US 11,948,310 B2
Systems and methods for jointly training a machine-learning-based monocular optical flow, depth, and scene flow estimator
Vitor Guizilini, Santa Clara, CA (US); Rares A. Ambrus, San Francisco, CA (US); Kuan-Hui Lee, San Jose, CA (US); and Adrien David Gaidon, Mountain View, CA (US)
Assigned to Toyota Research Institute, Inc., Los Altos, CA (US)
Filed by Toyota Research Institute, Inc., Los Altos, CA (US)
Filed on Sep. 29, 2021, as Appl. No. 17/489,237.
Claims priority of provisional application 63/195,796, filed on Jun. 2, 2021.

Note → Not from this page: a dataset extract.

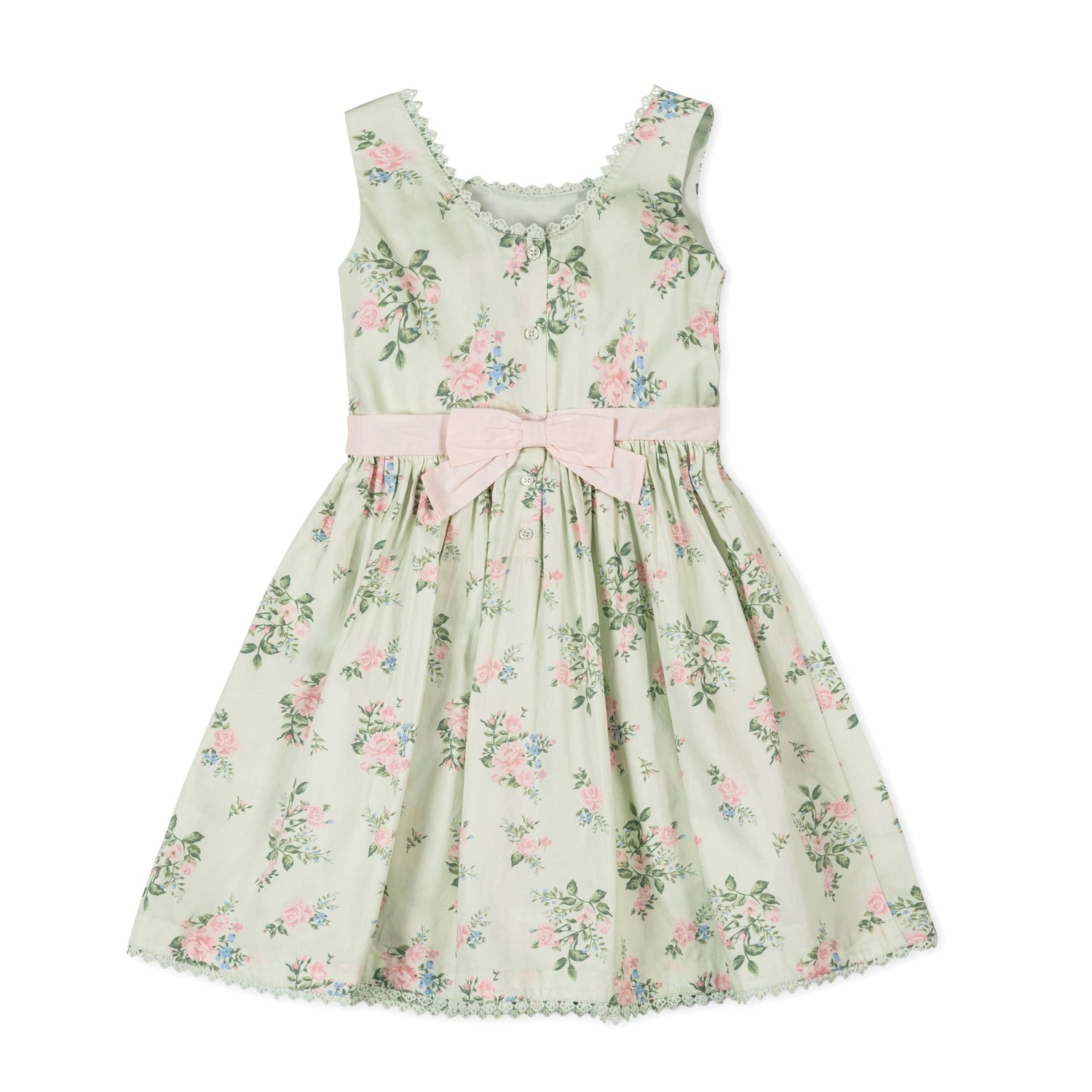 Can you say stunning? Jumpstart the season with one of our favorite party dresses for girl. Crafted from soft organic cotton sateen, our refined dress features a beautiful neckline with crochet trim, full skirt, and bow detail with button closure down the center back.
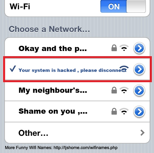 Funny WiFi Name #4943 [Your system is hacked , please disconnect ]

Prior Publication US 2022/0392083 A1, Dec. 8, 2022
Int. Cl. G06K 9/00 (2022.01); G05D 1/00 (2006.01); G06N 3/045 (2023.01); G06N 3/08 (2023.01); G06T 7/246 (2017.01); G06T 7/50 (2017.01); G06T 7/55 (2017.01); G06T 7/73 (2017.01)

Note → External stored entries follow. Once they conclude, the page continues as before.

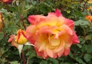 На фото: Сорт розы ‘Amber Queen’Лампион – обильно цветущий новый сорт немецкой селекции с ароматом средней интенсивности. Цветки биколор – желтые с красными наружными лепестками. Куст высотой до 90 см.
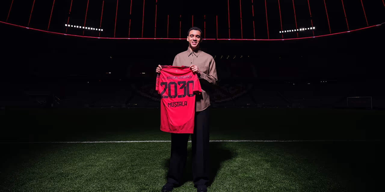 據(jù)多家德媒報道,穆西亞拉的年薪將高達(dá)2500萬歐,他的合同中有1.75億歐的解約金條款。
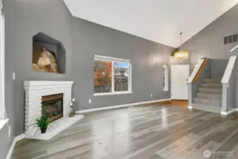 Set on a desirable corner lot, this inviting home blends open, light-filled living with versatile spaces. Vaulted ceilings highlight the living areas, while the kitchen with breakfast bar and nook awaits your personal touch. Step through the slider to the fully fenced backyard—perfect for barbecues and gatherings. Upstairs features three bedrooms and two baths, including a primary bedroom with en suite bath, oversized soaking tub, and walk-in closet. Major updates completed include new roof, furnace, water heater, and exterior paint! Conveniently located just minutes from PLU, WA-512, I-5, and JBLM.

CPC G06T 7/248 (2017.01) [G05D 1/0221 (2013.01); G05D 1/0246 (2013.01); G06N 3/045 (2023.01); G06N 3/08 (2013.01); G06T 7/50 (2017.01); G06T 7/55 (2017.01); G06T 7/73 (2017.01); G06T 2207/10024 (2013.01); G06T 2207/20081 (2013.01); G06T 2207/20084 (2013.01)] 20 Claims
OG exemplary drawing
 
1. A system for jointly training a machine-learning-based monocular optical flow, depth, and scene flow estimator, the system comprising:
one or more processors; and
a memory communicably coupled to the one or more processors and storing:
an optical flow estimation module including instructions that when executed by the one or more processors cause the one or more processors to process a pair of temporally adjacent monocular image frames using a first neural network structure to produce a first optical flow estimate;
a depth and scene flow estimation module including instructions that when executed by the one or more processors cause the one or more processors to:
process the pair of temporally adjacent monocular image frames using a second neural network structure to produce an estimated depth map and an estimated scene flow; and
process the estimated depth map and the estimated scene flow using the second neural network structure to produce a second optical flow estimate; and
a training module including instructions that when executed by the one or more processors cause the one or more processors to impose a consistency loss between the first optical flow estimate and the second optical flow estimate that minimizes a difference between the first optical flow estimate and the second optical flow estimate to improve performance of the first neural network structure in estimating optical flow and the second neural network structure in estimating depth and scene flow.